Search code examples
pythonarrayslistnumpytruthtable

Python numpy Quick Array Calculations to 2D Array (matrix)


I have a use case where I have a set of several thousand coordinates, and I want to vectorize them and turn them into distances. I want to do this in such a way that I end up with a 2D array, effectively a matrix, that is n x n, giving me the norm between the input points. I know that I'll have a pile of zeros along the diagonal, and that's fine. I want to process it as quickly as reasonably possible.

Currently my method is to take a numpy array of coordinates x,y,z is a row and the list is however many elements are loaded from a file, for instance 5000 rows.

I'm currently just looping through the list of coordinates as:

for i in range(n):
    for j in range(n):
        dist[i,j] = round(numpy.linalg.norm(coords[i] - coords[j]), 3)

dist is a numpy array setup with numpy.zeros((n,n)) where I've already got the n value, being the length of the coords list.

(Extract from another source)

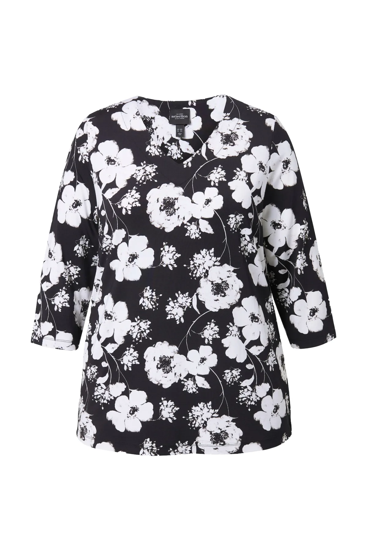 Design: Gevoerde zoom/rand; Materiaal: Jersey; Halstype: V-hals; Motief: Bloemenprint; Extra's: All-over patroon, Voelt zacht aan; Pasvorm: Normale pasvorm; Armlengte: Driekwart mouw; Lengte: Normale lengte

I know there must be a faster way to use numpy on this dataset, making coords an array of course, I am just not sure how to do this efficiently. Part of the reason I want to do this is I intend to use a truth table mask against this for data processing. Thanks!


Solution

  • So the solution is as easy as mentioned above, just import scipy, and use:

    distances = scipy.spatial.distance.cdist(coords, coords)
    

    The resulting array is the n by n array of the euclidean norms.